In the lawsuit, LV alleged that the interior design, decorations, merchandise, and items displayed in the defendant’s restaurant (see below), all feature LV’s iconic monogram and trademarks without its prior license. As such, defendant’s use shall constitute trademark infringement under Article 68 and 70 of Trademark Act.



The defendant explained that all the accused products were sourced from MF Production Co., a company that provides bootleg merchandise under its own brand “MF BY GCDC”. Defendant argued that customers should be able to distinguish the products, because these products are bootlegs that serve as parody of LV’s brand.

The IPC Court did not find for the defendant, reasoning that:

1.    To defend based on parody, defendant’s use has to meet the following requirements: 1) demonstrating nature of entertainment based on satire or parody, and in the meantime creating contradictory comparison;

2) upon seeing the parody, the consumers could immediately perceive of the referred trademark;

3) the consumers could clearly distinguish the parody use from the referred trademark without any likelihood of confusion;

4) the parody use is so necessary for the public interest that freedom of expression would outweigh the protection of trademark; and

5) there is no improper use that may harm the reputation or distinctiveness of the famous trademark.

2.    Based on the above framework, the IPC Court finds the defendant’s use does not meet the aforesaid requirements. The degree of similarity between the defendant’s use and LV’s famous trademarks is high, and, upon examining the products displayed in the defendant’s restaurant, the IPC Court notes LV’s trademarks are all placed in the most dominant portion. In other words, consumers could rarely notice the presence of “MF BY GCDC”, let alone form comparison between the defendant’s use and LV’s trademarks. Besides, except for the voluminous use of LV trademarks in its products, the defendant has provided no explanations whatsoever as to what exactly satirical or parodical message that its use intends to convey.

3.    Since defendant is not exempt from trademark infringement liability, and there is likelihood of confusion caused by the defendant due to the similarity between defendant’s use and LV’s famous trademarks, the IPC Court holds that LV is entitled to injunctive relief and monetary remedy.  

In conclusion, the IPC Court overrules the defendant’s parody defense, grants LV’s motion for injunction, and awards LV NT$ 1,375,431 for damages.    

 

Source:  Case no.: 112-Ming-Shang-Su-Zi No.7, IPC Court (https://judgment.judicial.gov.tw/FJUD/data.aspx?ty=JD&id=IPCV,112%2c%e6%b0%91%e5%95%86%e8%a8%b4%2c7%2c20240628%2c1) 

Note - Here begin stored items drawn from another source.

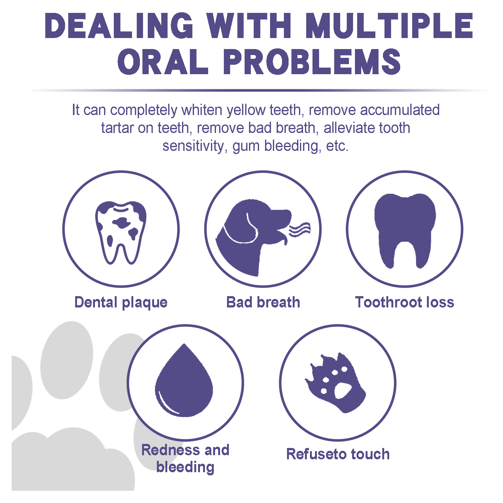 我们的宠物口腔修护凝胶含有小苏打、柠檬提取物、薄荷提取物。它可以去除宠物的口臭,保持口腔和牙齿健康,适合不爱刷牙的宠物,使用携带非常方便。它的使用方法很简单:首先轻轻打开宠物的上下颚,取适量凝胶,均匀涂抹在宠物嘴上,使用后一小时内不要让宠物吃或喝,日常使用可以得到更好的效果。使用后可以彻底美白宠物黄牙,清除宠物牙齿上堆积的牙垢,去除口臭,缓解牙齿敏感、牙龈出血等。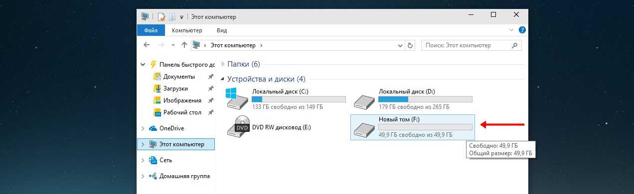 Дождавшись завершения формирования раздела, вы увидите, что новый том появился в списке. На главной странице «Проводника» также можно будет заметить новый раздел.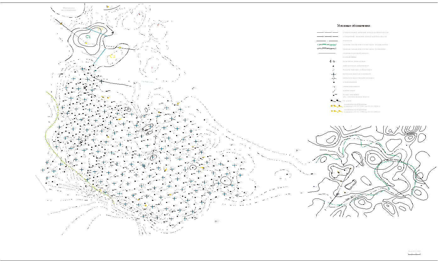 Из данных табл. 1 можно сделать вывод о закономерности изменения свойств нефтей в зависимости от глубины залегания или возраста объектов, их содержащих. Так нефти турнейского пласта, по сравнению с верейскими, более тяжелые, в них меньше светлых фракций, они более вязкие. С возрастанием глубины также уменьшается газосодержание (и, следовательно, уменьшается объемный коэффициент нефти) и увеличивается давление насыщения из-за увеличения содержания азота в попутном (растворенном) газе. Растворенный в нефти газ является азотно-углеводородным и характеризуется высокой плотностью, с содержанием азота в отложениях соответственно верейского горизонта - 33,17%, башкирского яруса - 39,29%. Газ турнейского яруса по своему составу, в сравнении с газом верейских и башкирских пластов, имеет низкую плотность по воздуху 1,181, более высокое содержание азота (64,61%), небольшое содержание углеводородов. Попутный нефтяной газ Мишкинского месторождения содержит большое количество инертных, негорючих составляющих, поэтому он утилизируется в атмосферу с помощью факелов. Пластовые воды рассматриваемого месторождения характерны для региона в целом, и для московских, башкирских, визейских и турнейских отложений являются рассолами хлоридно-кальцевого типа. Отчетливо выраженной тенденции изменения физико-химических свойств пластовых вод по продуктивному интервалу разреза не отмечается, за исключением уменьшения вязкости в пластовых условиях с возрастанием глубины из-за повышения температуры. Средняя плотность пластовых вод 1,17 г/см³, а минерализация — 260 г/л. Газовый фактор пластовой воды незначителен, а растворенный газ в основном представлен азотом. По товарным качествам нефти Мишкинского месторождения характеризуются как тяжелые, высокосернистые, парафинистые и смолистые. 1.6. Запасы нефти и газа, конденсатаЗапасы нефти Мишкинского месторождения утверждены ГКЗ СССР (протокол № 5992 от 1970 года) /1/ отдельно по двум поднятиям (Воткинское, Черепановское). Начальные запасы нефти, утвержденные протоколом ГКЗ № 5992 и в целом по месторождению составляли 206761 тыс. т геологических и 74286 тыс. т извлекаемых, в том числе по категориям: 44306 тыс. т геологических и 16066 тыс. т извлекаемых категории B; 123769 тыс. т геологических и 45014 тыс. т извлекаемых категории С1; 38686 тыс. т геологических и 13206 тыс. т извлекаемых категории С2. По результатам выполнявшихся в процессе разработки месторождения работ (бурение скважин, сейсморазведочные работы) на месторождении неоднократно осуществлялись переводы запасов нефти в более высокие категории, списания не подтвердившихся запасов, приросты запасов нефти. Остаточные запасы нефти по состоянию на 01.01.2004 г. в целом по месторождению составляют: 142 535 тыс. т геологических и 35 540 тыс. т извлекаемых категории B+C1, 38 686 тыс. т геологических и 13 206 тыс. т извлекаемых категории С2. Накопленная добыча нефти на 31.12.2006 г. составила 28 649 тыс. т. Начальные балансовые запасы нефти, числящиеся на момент составления проектных документов и на 01.01.2004 г.

Note 1: MF Production Co. was also found infringing LV’s trademarks by the IPC Court earlier this year (See: https://judgment.judicial.gov.tw/FJUD/data.aspx?ty=JD&id=IPCV,111%2c%e6%b0%91%e5%95%86%e8%a8%b4%2c35%2c20240327%2c1 (111-Ming-Shang-Su-Zi No. 35, IPC Court))

Note 2:

Article 68 of Trademark Act

Infringement of registered trademark
Any of the following acts, without consent of the proprietor of a registered trademark, constitutes infringement of the right of such trademark:
(1)Using a trademark which is identical with the registered trademark in relation to goods or services which are identical with those for which it is registered;
(2)Using a trademark which is identical with the registered trademark and used in relation to goods or services similar to those for which the registered one is designated, and hence there exists a likelihood of confusion on relevant consumers; or
(3)Using a trademark which is similar to the registered trademark and used in relation to goods or services identical with or similar to those for which the registered one is designated, and hence there exists a likelihood of confusion on relevant consumers.
Any person who, without the consent of the proprietor of a registered trademark, manufactures, sells, possesses, displays, exports, or imports labels, tags, packaging, containers, or service-related articles that bear trademarks the same or similar to said registered trademark of the identical or similar goods or services in the course of trade for their own use or for others, shall also be deemed an infringer of the right of such trademark.

Article 70 of Trademark Act

Acts deemed infringement
Any of the following acts, without consent of the proprietor of a registered trademark, shall be deemed infringement of the right of such trademark:
(1)Knowingly using a trademark which is identical with or similar to another person’s well-known registered trademark, and hence there exists a likelihood of dilution of the distinctiveness or reputation of the said well-known trademark; or
(2)Knowingly using words contained in another person’s well-known registered trademark as the name of a company, business, group or domain or any other name that identifies a business entity, and hence there exists a likelihood of confusion on relevant consumers or a likelihood of dilution of the distinctiveness or reputation of the said well-known trademark.